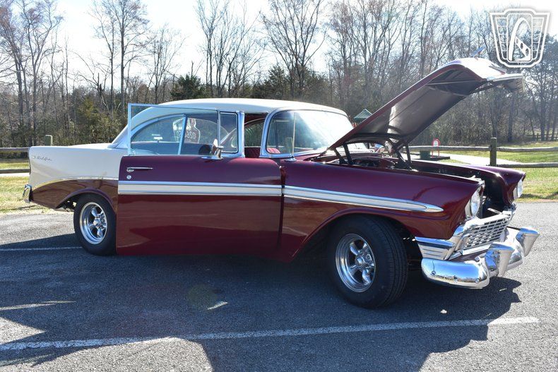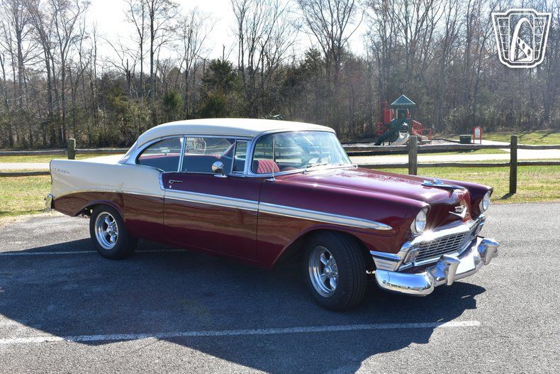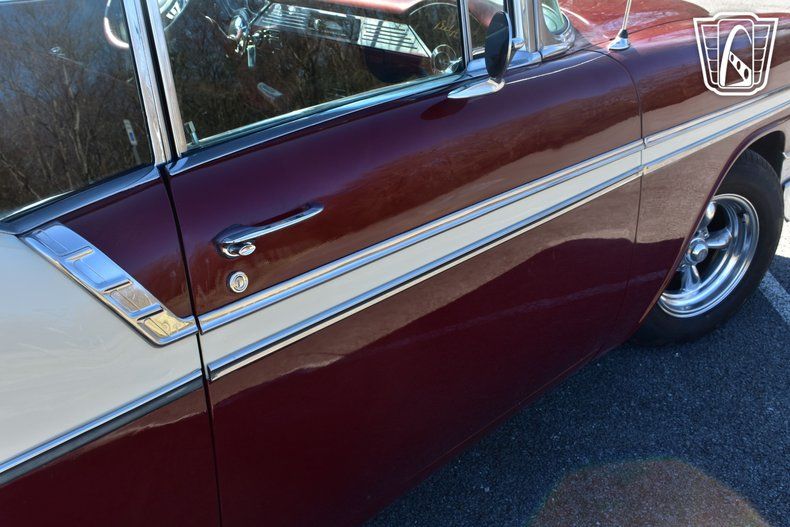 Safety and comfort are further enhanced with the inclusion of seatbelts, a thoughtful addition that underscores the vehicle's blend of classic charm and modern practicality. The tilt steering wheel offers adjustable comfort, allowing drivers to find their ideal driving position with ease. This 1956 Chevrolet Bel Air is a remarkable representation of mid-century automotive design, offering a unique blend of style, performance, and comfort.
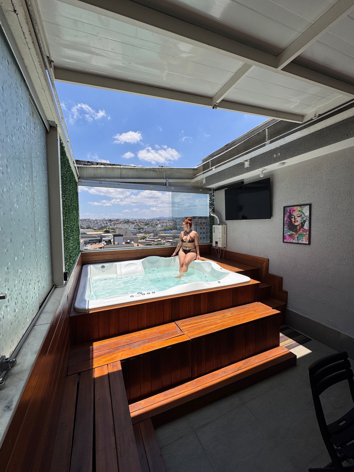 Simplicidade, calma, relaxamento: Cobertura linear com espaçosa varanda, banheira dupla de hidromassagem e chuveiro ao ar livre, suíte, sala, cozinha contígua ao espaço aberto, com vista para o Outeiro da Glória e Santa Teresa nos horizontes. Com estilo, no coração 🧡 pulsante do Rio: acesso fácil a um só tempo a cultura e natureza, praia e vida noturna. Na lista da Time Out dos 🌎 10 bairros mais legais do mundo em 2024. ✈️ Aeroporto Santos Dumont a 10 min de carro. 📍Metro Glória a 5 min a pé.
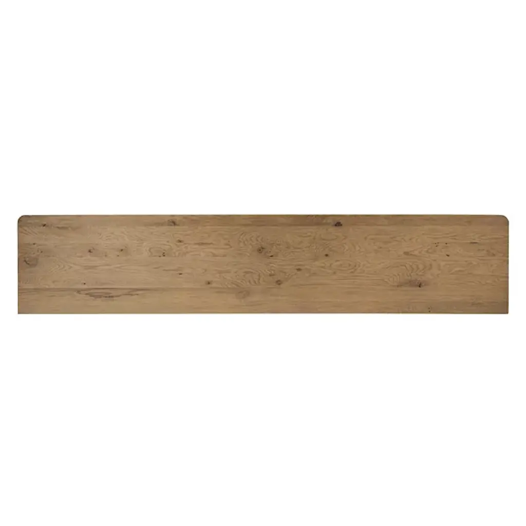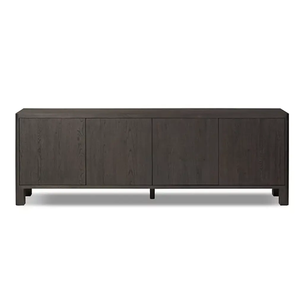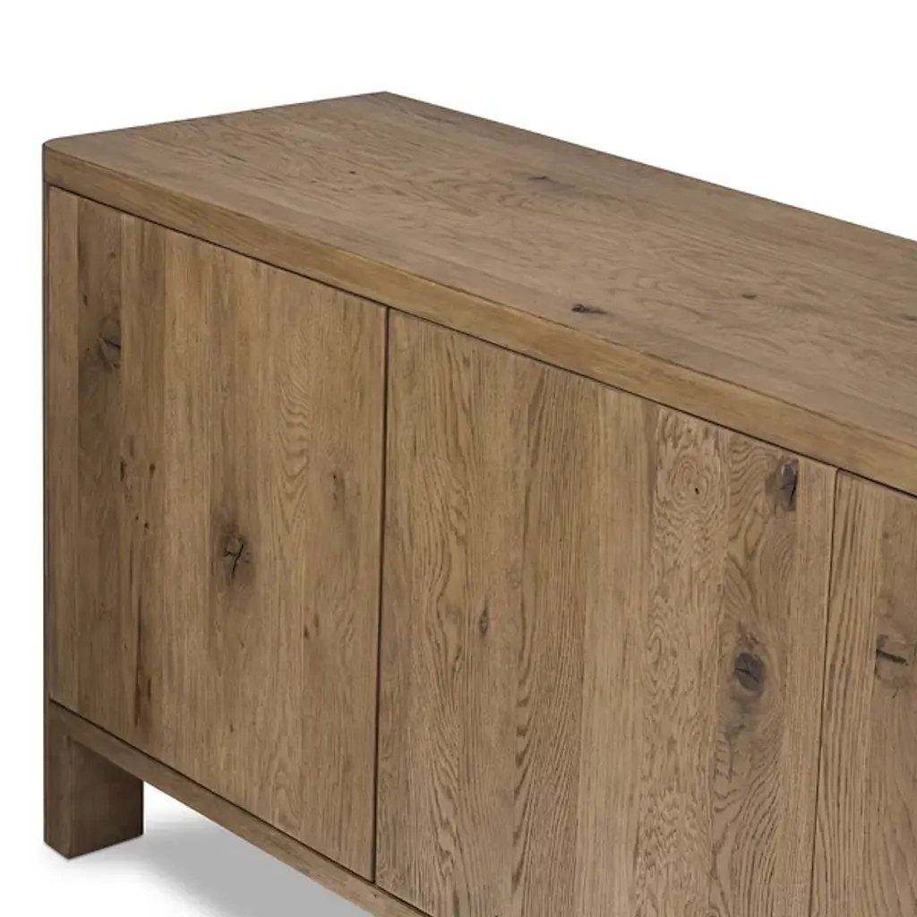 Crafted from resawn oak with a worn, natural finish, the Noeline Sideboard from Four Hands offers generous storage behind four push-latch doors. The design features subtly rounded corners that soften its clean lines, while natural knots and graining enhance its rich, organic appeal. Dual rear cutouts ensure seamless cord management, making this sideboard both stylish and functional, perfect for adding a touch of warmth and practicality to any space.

________________________________________

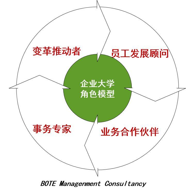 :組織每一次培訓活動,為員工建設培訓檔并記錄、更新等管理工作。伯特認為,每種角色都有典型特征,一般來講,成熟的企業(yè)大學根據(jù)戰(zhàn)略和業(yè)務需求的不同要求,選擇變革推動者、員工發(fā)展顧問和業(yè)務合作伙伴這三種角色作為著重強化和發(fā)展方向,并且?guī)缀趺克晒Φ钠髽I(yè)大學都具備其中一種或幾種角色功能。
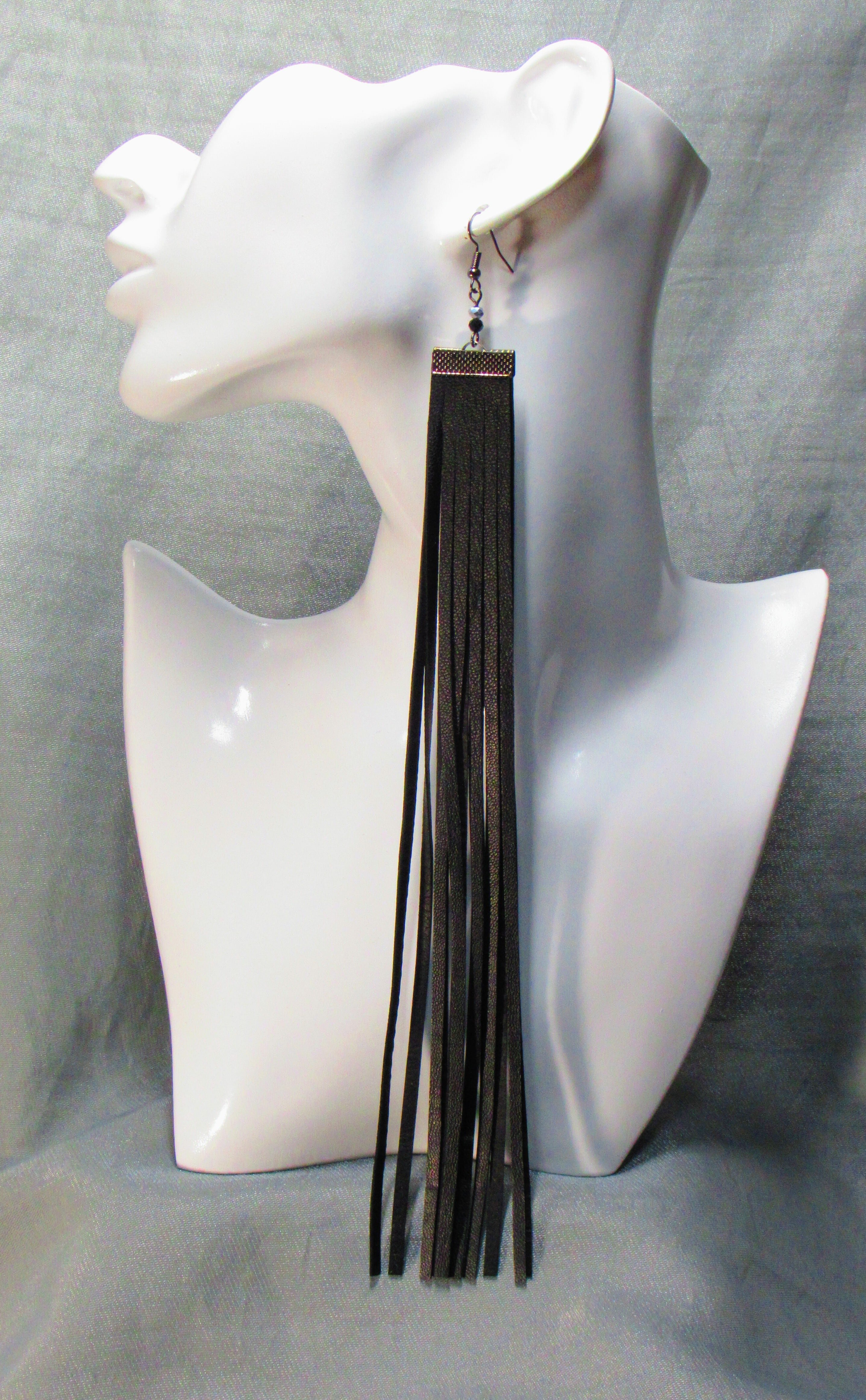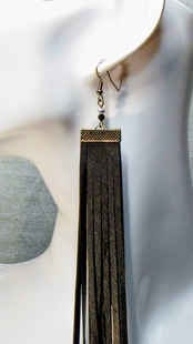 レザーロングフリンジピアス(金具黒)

________________________________________

From the listing above, restate verbatim the lines running from the one with "Safety and comfort" through the one with "Simplicidade, calma, relaxamento: Cobertura", inclusive, but not the pictures.

▸ **ANSWER TO THIS EXERCISE**
 Safety and comfort are further enhanced with the inclusion of seatbelts, a thoughtful addition that underscores the vehicle's blend of classic charm and modern practicality. The tilt steering wheel offers adjustable comfort, allowing drivers to find their ideal driving position with ease. This 1956 Chevrolet Bel Air is a remarkable representation of mid-century automotive design, offering a unique blend of style, performance, and comfort.
 Simplicidade, calma, relaxamento: Cobertura linear com espaçosa varanda, banheira dupla de hidromassagem e chuveiro ao ar livre, suíte, sala, cozinha contígua ao espaço aberto, com vista para o Outeiro da Glória e Santa Teresa nos horizontes. Com estilo, no coração 🧡 pulsante do Rio: acesso fácil a um só tempo a cultura e natureza, praia e vida noturna. Na lista da Time Out dos 🌎 10 bairros mais legais do mundo em 2024. ✈️ Aeroporto Santos Dumont a 10 min de carro. 📍Metro Glória a 5 min a pé.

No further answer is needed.